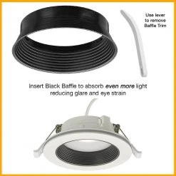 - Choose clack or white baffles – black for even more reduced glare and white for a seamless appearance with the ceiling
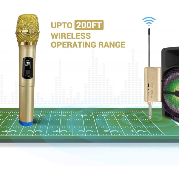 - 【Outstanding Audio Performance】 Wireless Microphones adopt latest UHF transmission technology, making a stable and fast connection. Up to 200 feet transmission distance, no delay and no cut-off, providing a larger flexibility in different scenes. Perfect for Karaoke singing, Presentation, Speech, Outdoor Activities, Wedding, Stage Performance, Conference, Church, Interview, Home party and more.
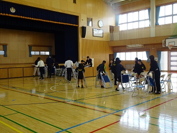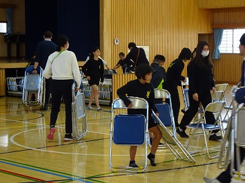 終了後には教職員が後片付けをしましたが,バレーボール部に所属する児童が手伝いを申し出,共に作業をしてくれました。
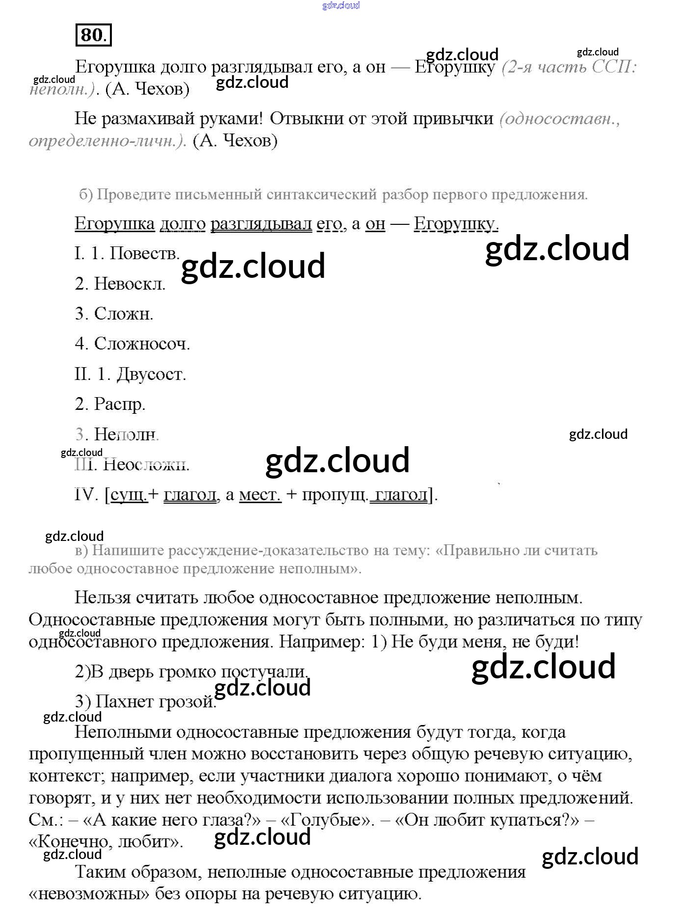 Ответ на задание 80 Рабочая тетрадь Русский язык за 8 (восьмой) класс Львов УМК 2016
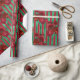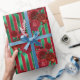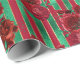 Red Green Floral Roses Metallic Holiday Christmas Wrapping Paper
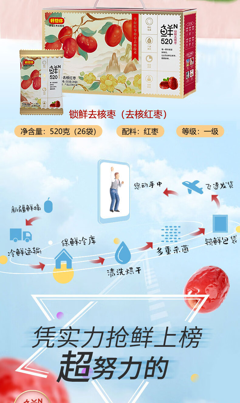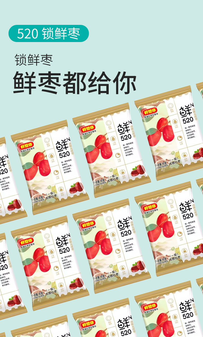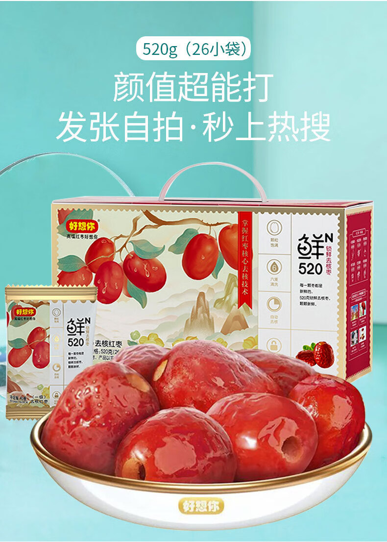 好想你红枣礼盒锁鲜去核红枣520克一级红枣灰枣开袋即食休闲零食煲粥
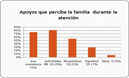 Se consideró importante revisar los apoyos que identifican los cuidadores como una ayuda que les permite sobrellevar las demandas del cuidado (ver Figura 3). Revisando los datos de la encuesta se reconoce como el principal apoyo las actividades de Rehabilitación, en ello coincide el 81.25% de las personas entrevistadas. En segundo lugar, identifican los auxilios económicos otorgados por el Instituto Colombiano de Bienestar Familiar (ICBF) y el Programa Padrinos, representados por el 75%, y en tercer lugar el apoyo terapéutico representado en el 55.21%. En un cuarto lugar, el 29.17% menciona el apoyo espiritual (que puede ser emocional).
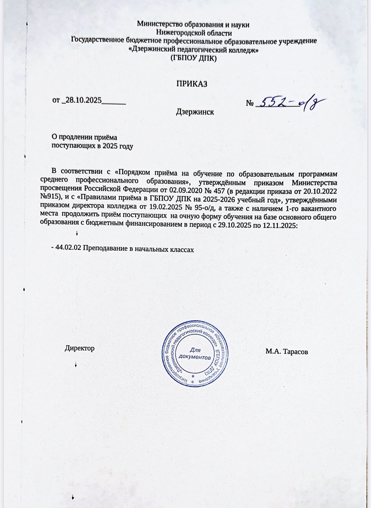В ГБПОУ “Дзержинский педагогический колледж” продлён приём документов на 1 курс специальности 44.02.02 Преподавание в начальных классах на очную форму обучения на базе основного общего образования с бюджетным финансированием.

..............................

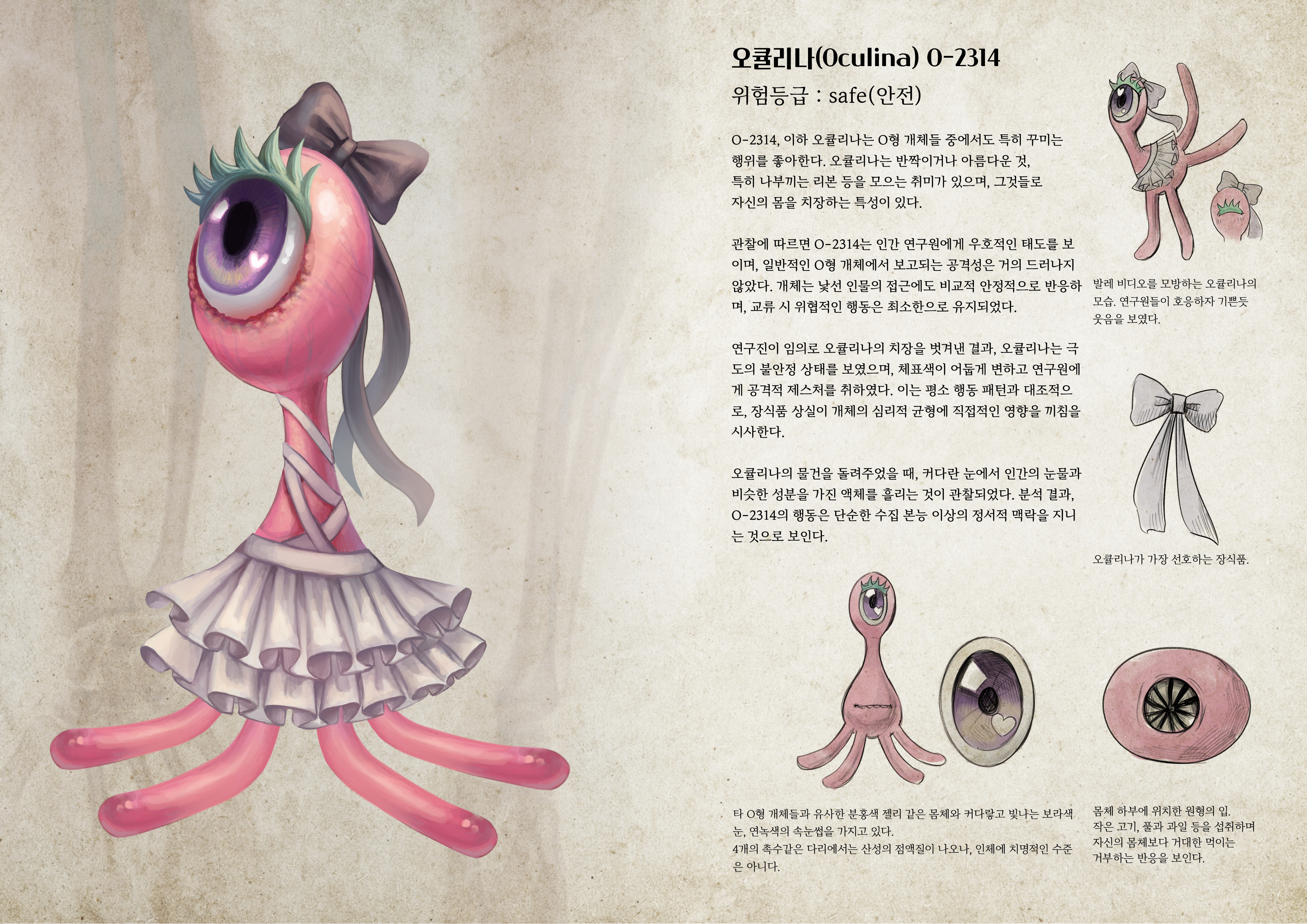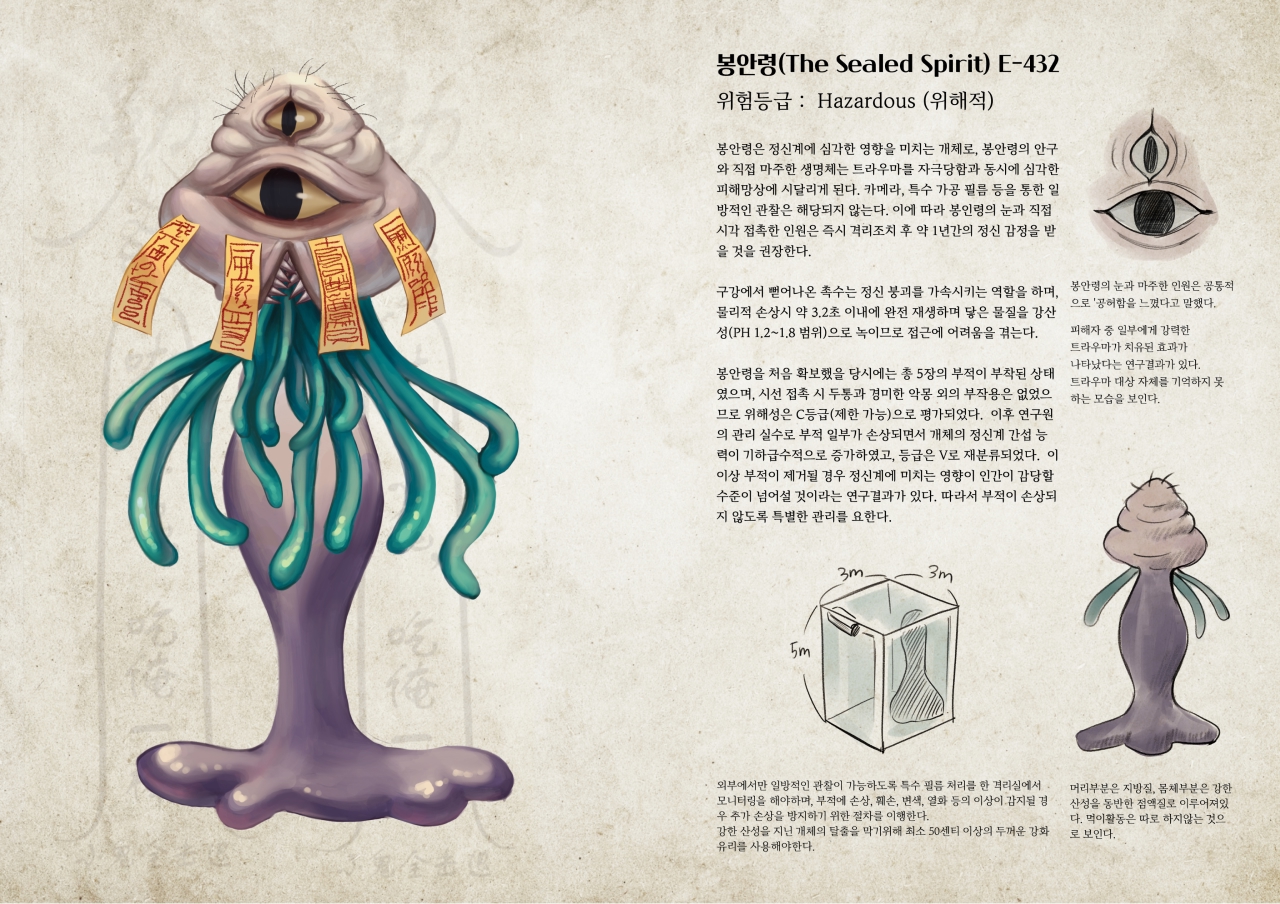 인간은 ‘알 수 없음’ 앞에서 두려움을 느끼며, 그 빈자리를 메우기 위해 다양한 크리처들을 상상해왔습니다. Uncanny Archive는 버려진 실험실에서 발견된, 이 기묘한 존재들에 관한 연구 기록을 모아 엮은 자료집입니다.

..............................

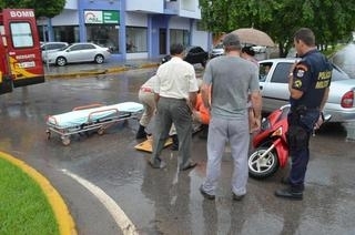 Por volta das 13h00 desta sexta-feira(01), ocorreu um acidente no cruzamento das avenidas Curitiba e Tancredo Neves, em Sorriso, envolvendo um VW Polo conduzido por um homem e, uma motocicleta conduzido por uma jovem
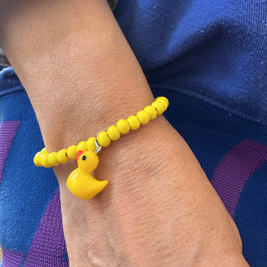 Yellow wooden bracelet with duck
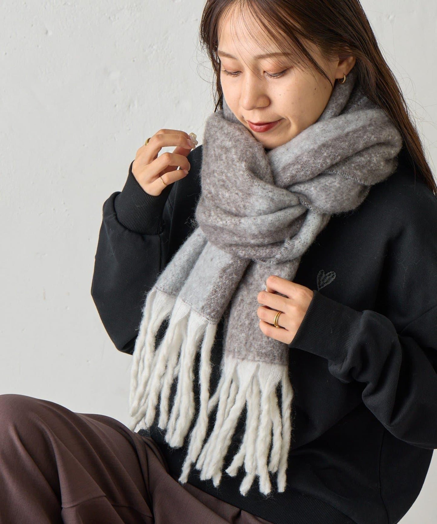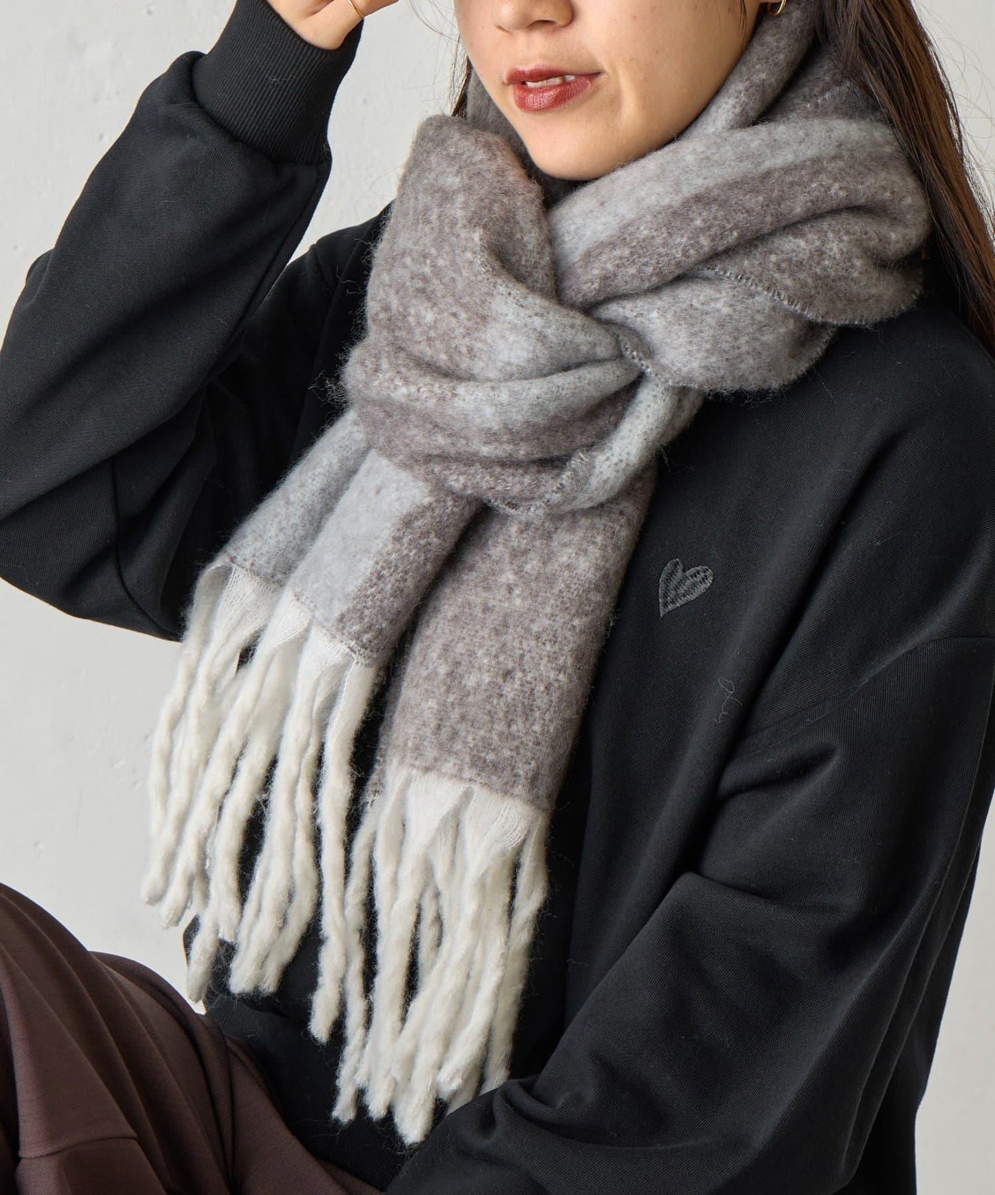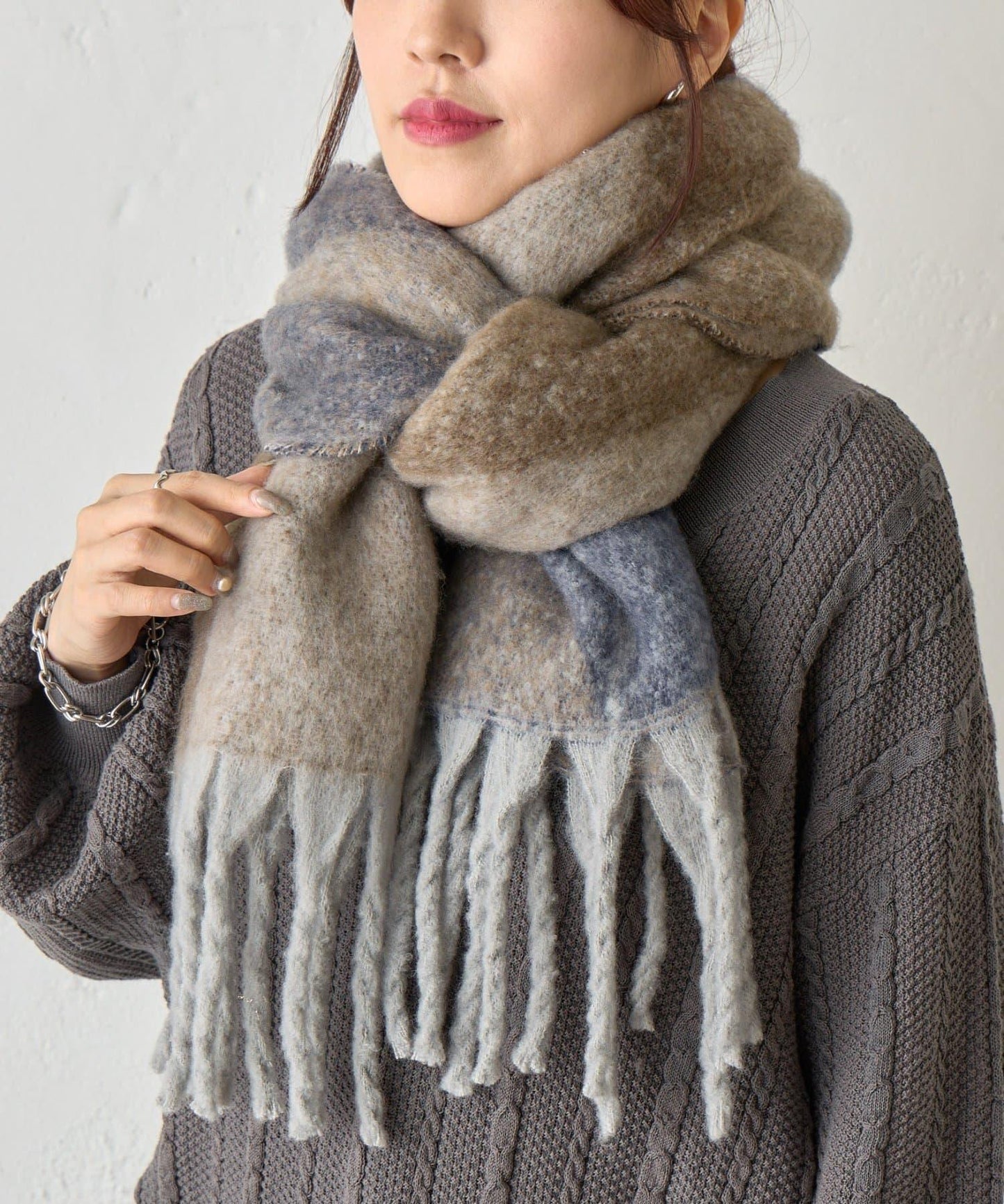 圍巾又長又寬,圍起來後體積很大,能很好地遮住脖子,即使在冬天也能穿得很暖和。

..............................

Transcribe only the lines above that start at the line containing "Yellow wooden bracelet with duck" and end at the line containing "圍巾又長又寬,圍起來後體積很大,能很好地遮住脖子,即使在冬天也能穿得很暖和。". Omit pictures.

 Yellow wooden bracelet with duck
 圍巾又長又寬,圍起來後體積很大,能很好地遮住脖子,即使在冬天也能穿得很暖和。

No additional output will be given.